• _Task_
Reproduce, exactly and in full, the lines from the one with "Japanske plakater |" through the one with "客厅杯子套装带把手泡茶杯玻璃杯水杯家用茶杯待客喝水杯子啤酒杯" in the data below; drop pictures.

• _Data in this exercise_

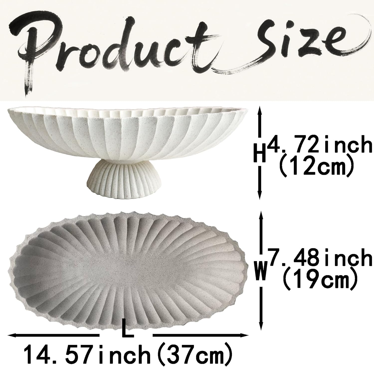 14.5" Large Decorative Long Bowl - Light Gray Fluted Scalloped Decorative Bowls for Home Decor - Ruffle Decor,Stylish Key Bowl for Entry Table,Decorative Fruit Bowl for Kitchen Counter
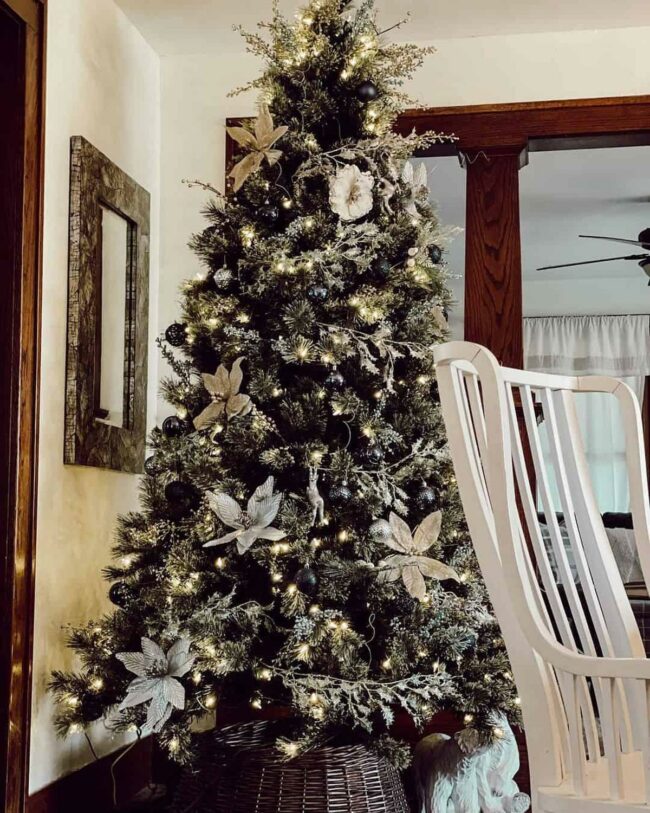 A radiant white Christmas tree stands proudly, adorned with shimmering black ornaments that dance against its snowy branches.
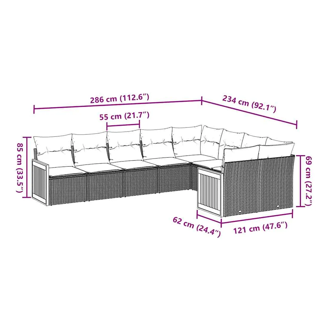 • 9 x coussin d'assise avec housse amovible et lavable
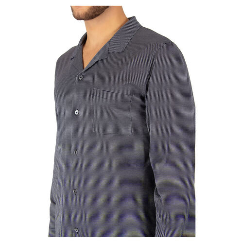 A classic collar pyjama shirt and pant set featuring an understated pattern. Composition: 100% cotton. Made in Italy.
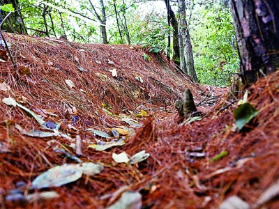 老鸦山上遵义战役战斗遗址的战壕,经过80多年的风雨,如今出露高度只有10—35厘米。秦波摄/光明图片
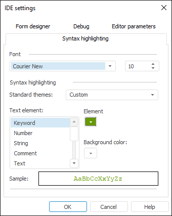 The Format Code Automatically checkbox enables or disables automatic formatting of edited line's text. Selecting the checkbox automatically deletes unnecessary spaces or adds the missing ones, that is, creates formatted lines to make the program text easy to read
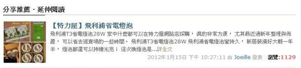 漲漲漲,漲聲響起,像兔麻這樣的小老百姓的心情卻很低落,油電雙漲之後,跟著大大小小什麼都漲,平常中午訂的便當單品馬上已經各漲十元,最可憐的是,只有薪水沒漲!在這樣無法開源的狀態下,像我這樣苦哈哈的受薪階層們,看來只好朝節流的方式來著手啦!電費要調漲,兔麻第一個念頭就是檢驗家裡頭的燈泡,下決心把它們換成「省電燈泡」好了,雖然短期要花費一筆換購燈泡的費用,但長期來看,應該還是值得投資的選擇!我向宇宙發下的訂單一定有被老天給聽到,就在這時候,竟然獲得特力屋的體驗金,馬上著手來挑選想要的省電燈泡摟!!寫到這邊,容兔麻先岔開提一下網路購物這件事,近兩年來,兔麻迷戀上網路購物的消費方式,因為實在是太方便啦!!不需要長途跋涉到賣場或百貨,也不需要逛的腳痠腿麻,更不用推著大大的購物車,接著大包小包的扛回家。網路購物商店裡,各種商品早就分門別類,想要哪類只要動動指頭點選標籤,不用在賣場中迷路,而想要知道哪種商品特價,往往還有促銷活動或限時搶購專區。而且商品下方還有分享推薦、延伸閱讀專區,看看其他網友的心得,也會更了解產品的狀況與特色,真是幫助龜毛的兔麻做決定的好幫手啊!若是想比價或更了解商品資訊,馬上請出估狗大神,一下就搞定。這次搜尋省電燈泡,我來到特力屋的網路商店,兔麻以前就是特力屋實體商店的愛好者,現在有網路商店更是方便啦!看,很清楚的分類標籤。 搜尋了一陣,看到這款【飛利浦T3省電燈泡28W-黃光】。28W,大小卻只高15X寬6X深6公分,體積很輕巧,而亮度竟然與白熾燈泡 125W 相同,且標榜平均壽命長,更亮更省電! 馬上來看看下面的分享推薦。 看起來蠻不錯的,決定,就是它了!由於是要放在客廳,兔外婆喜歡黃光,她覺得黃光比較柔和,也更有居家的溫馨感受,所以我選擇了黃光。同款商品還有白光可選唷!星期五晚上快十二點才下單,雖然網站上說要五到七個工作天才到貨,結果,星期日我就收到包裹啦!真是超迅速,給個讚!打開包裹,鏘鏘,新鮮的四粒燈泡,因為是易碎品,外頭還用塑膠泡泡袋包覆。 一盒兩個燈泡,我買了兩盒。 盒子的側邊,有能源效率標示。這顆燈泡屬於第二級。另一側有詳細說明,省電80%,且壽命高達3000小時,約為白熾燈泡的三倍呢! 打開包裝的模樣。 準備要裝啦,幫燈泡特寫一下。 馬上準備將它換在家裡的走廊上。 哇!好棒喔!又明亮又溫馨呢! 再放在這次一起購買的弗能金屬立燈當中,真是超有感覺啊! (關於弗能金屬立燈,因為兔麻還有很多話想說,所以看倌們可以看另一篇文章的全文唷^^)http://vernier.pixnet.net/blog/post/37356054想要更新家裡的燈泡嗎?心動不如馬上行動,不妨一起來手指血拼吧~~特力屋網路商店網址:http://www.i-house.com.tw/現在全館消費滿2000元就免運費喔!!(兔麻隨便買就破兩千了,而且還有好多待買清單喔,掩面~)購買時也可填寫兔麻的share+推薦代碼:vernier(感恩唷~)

* * *

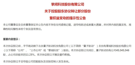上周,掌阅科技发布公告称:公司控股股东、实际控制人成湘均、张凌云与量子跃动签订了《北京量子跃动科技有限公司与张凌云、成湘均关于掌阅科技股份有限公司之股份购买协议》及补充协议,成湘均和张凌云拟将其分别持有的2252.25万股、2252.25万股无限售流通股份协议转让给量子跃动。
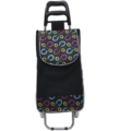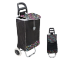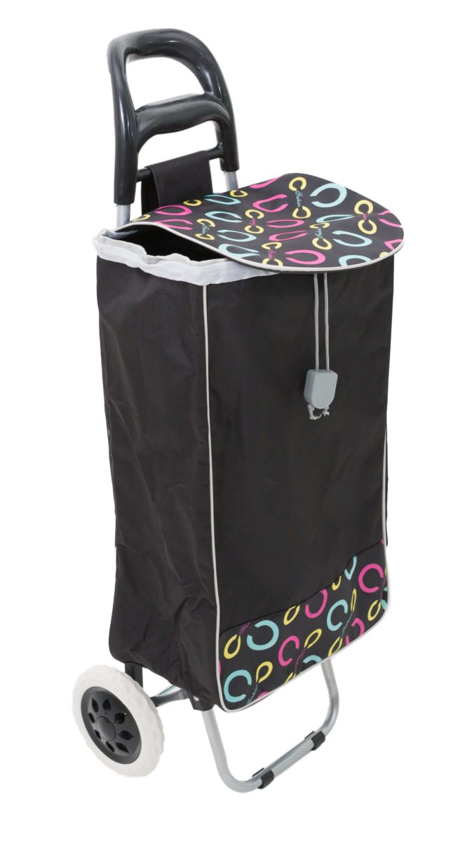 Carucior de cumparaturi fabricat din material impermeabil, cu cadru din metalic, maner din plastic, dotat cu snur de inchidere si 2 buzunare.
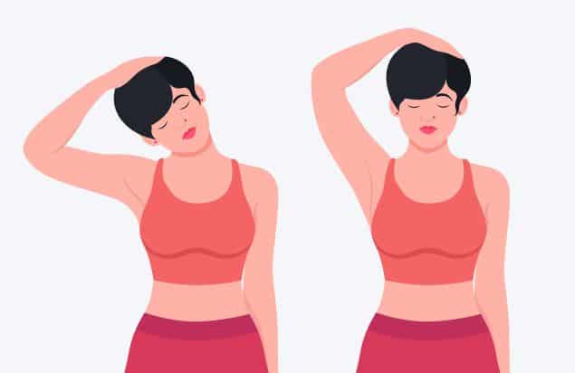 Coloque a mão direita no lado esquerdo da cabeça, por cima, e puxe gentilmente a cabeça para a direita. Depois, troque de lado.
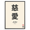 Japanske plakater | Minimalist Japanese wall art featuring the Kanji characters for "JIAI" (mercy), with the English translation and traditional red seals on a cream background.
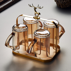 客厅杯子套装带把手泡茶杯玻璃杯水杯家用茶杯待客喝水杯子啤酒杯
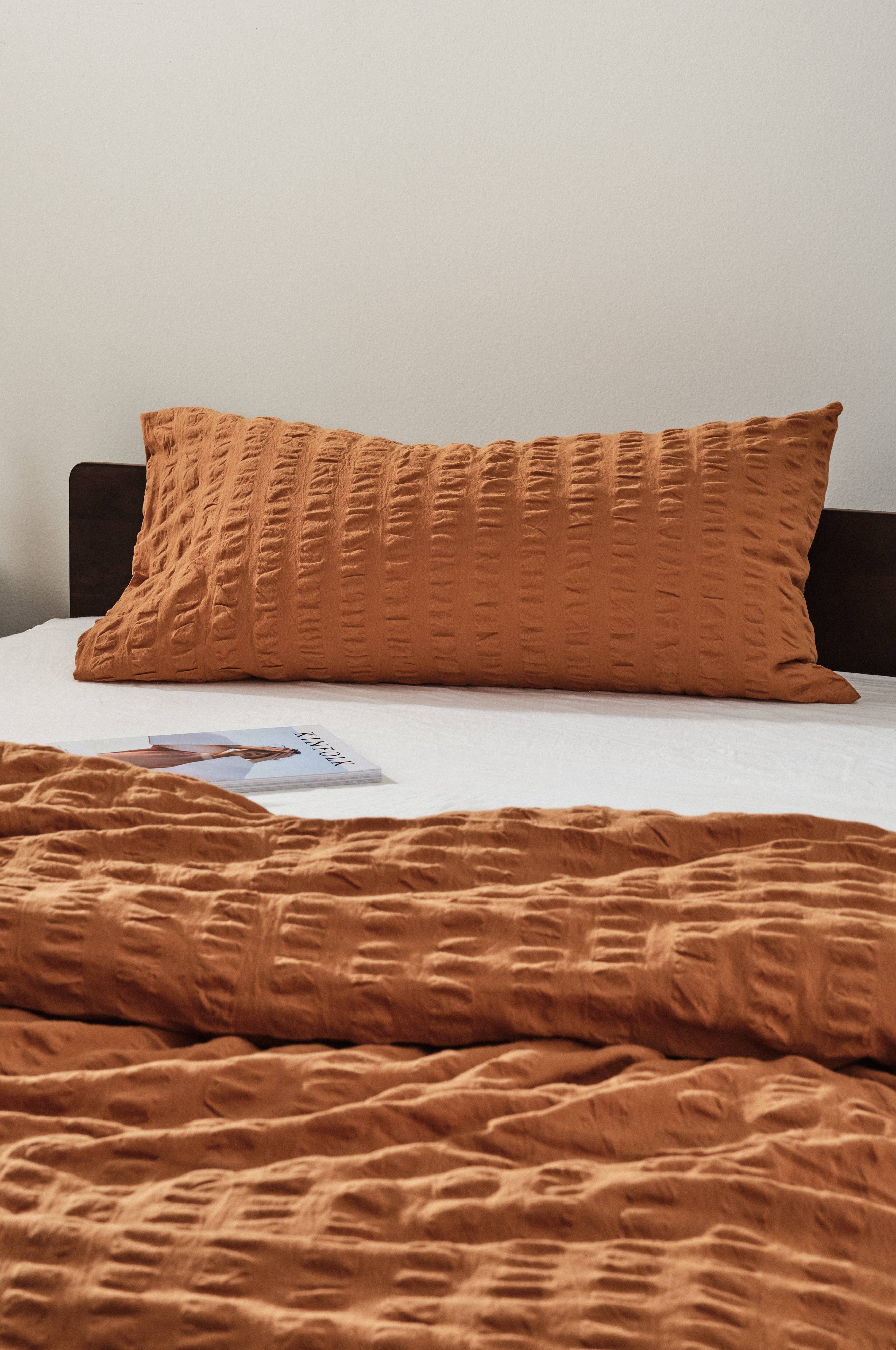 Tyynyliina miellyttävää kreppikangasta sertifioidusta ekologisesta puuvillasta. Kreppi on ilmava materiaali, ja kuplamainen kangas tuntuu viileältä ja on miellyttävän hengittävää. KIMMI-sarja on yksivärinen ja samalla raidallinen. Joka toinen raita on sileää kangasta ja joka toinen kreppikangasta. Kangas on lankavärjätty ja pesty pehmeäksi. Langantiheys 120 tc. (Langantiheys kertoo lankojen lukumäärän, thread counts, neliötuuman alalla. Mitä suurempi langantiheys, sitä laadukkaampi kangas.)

• _Response below_
 Japanske plakater | Minimalist Japanese wall art featuring the Kanji characters for "JIAI" (mercy), with the English translation and traditional red seals on a cream background.
 客厅杯子套装带把手泡茶杯玻璃杯水杯家用茶杯待客喝水杯子啤酒杯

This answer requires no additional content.